事実と願望はどう違うのだろうか。ペルソナを通じて時間や空間さえ捻じ曲げて、想いが現実に変わってしまうこの場所で、果たして両者に何か違いがあるのだろうか?
「いえ……貴女は彼に特別な気持ちはありましたか?」
もしかしたら、事実以上に真実に近いものがここにはあるのかもしれない。そんなことを不意に思い付いたからか、私はこんなことを聞いてしまった。聞くまでもない、或いは聞いてはいけないことかもしれないのに。
「え……」
風花さんは戸惑い、しばらく答えなかった。口を開いたのは、かなりの間を置いてからだった。
「私だって……いい加減じゃないわ。本当は、初めから望みなんてなかったのかもしれないけど……。でも……」
風花さんの回答が終わらないうちに、闘技場の向かいの扉がまた開いた。いつものことと言うか、この場所は考えたり立ち止まったりする為の時間を与えてくれない。そして扉の奥から現れた人も、考える余裕を与えてはくれないようだ。その証拠に、二人はこちらを真っ直ぐ見据えていて、足取りには迷いがない。それに気付いたか、妹は目元を拭って立ち上がった。
最後に残った鍵を争う二人、ゆかりさんと美鶴さんだ。彼女たちもまた、彼への想いはいい加減ではないのだろう。ここで戦う順番はどうやって決められているのか分からないが、きっと意味があることだと思う。彼女たちが最後に来る辺りを考えれば。

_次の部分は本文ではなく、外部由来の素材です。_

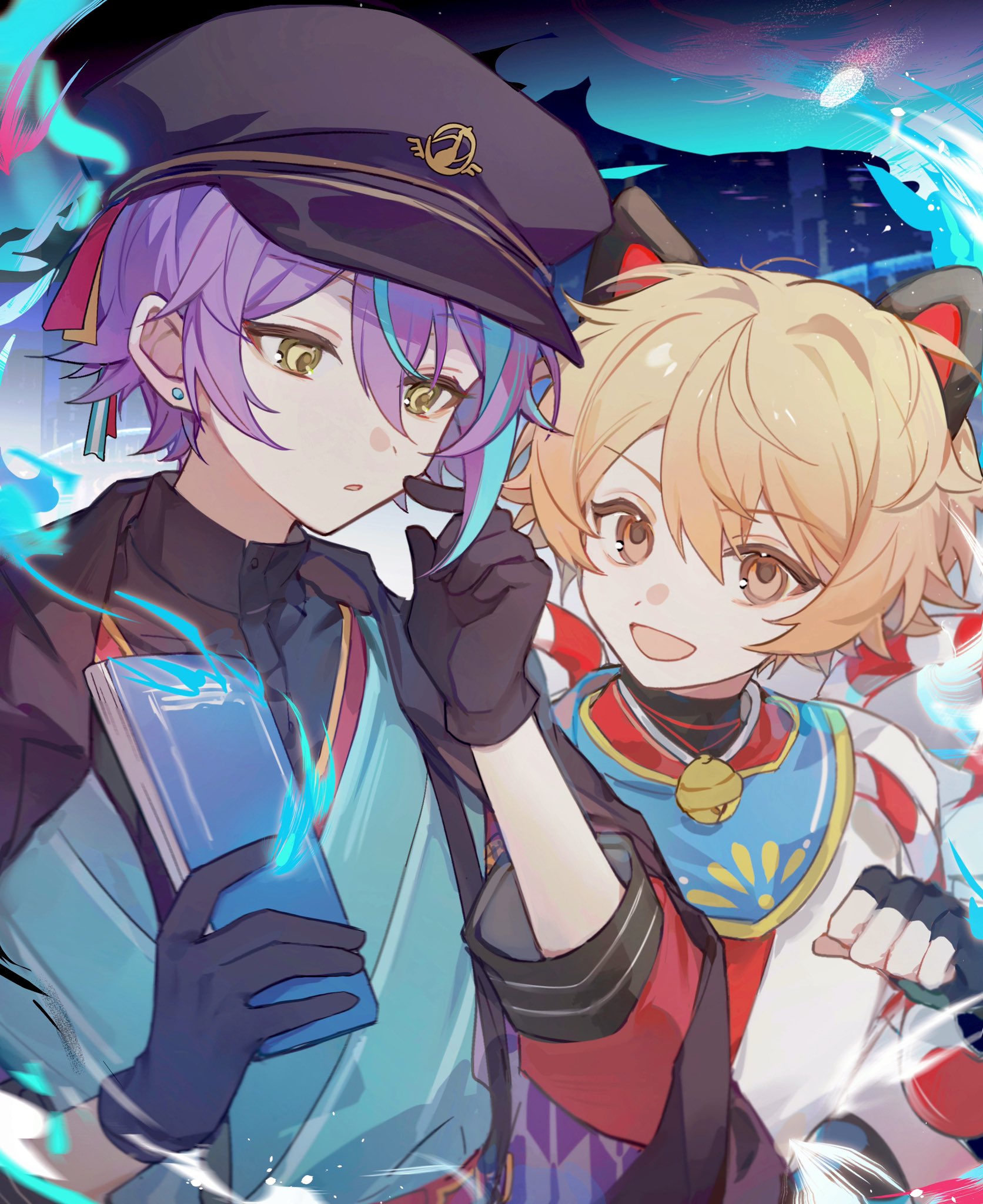 2boys animal_ears bell black_cape black_gloves black_headwear black_shirt blonde_hair blue_kimono blue_scarf newsboy_cap cape commentary_request dog_ears ear_piercing fingerless_gloves gloves hat highres hisakawa_sora japanese_clothes jingle_bell kaminoshi_(project_sekai) kamishiro_rui kimono male_focus multicolored_hair multiple_boys neck_bell paw_pose piercing project_sekai purple_hair rope scarf shimenawa shirt streaked_hair taishou tenma_tsukasa upper_body white_kimono yellow_eyes

想いの強さに優劣があるのかどうか。もしかしたら、この戦いはそれをこそ問われているのだろうか。
「どうだ、目指すものは決まったか? 目的もなく葬ってきた……何てことはないと思いたいがな」
「……」
美鶴さんの問いかけに私は答えなかった。投げ遣りな気持ちは抑え込めた。そしてまた、やらなければならないことはあると思っている。だが言葉にできるほどには、未だまとまっていない。漠然とした気持ちのままだ。風花さんとちゃんと話し合うこともせずに、ここまで来てしまった。
「何かさ……こういうことする羽目になるかもって、実は私、前から予感あったかも」
黙っている間に、ゆかりさんが口を開いた。私を激しく責めていたラウンジの話し合いと異なって、不思議な笑顔でいる。
「ふふ……そうかもな」
「……」
分からないでもない気がする。もし彼が生きていても、いつか私はゆかりさんと決着を付けなければいけなかったかもしれない。そしてそれは美鶴さんや風花さんも同じことだ。そんなことを思っていると、ゆかりさんはシャドウの煙が消えるように顔から笑みを消し、弓を構えた。

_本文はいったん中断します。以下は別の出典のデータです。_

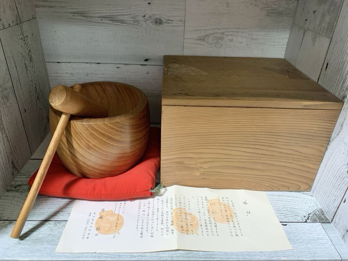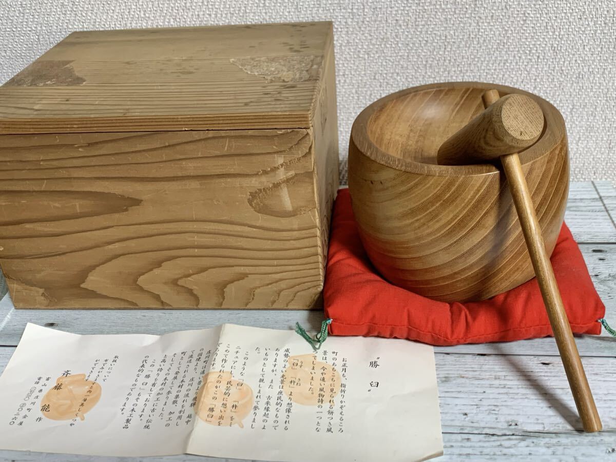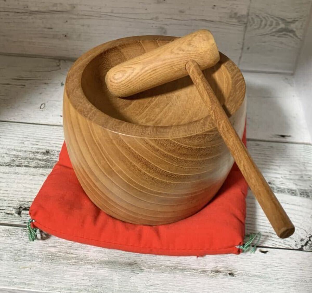餅つきの臼と杵をミニチュアにした木工工芸品です。

「だから……マジでぶっ壊す気で行くよ。絶対負けらんない……機械のあんたに、負けるわけないんだから!」
私は理解した。ゆかりさんは真田さんや順平さんと違って、本気で私を殺すつもりでいる。美鶴さんもそうなのかは、まだ判断がつかない。そしてもう一つ分かった。やはりこの鍵を奪われても、私は死にはしない。しかし妹は嘘を言ったわけではない。思い返してみれば、ラウンジで妹はゆかりさんに向けて、鍵を奪われたら死ぬと言っていた。つまりゆかりさんに負けたら私は殺される。そういうことだ。
「いいえ……私も負けません」
死を恐れる気持ちは依然としてない。だがゆかりさんに負けるわけにはいかない。想いの強さに優劣があるのなら、私は誰にも負けられないから。『生きる』こととは、何かを奪うことでもあるのかもしれないから。残酷なことだけど、それが真理ならば従おう。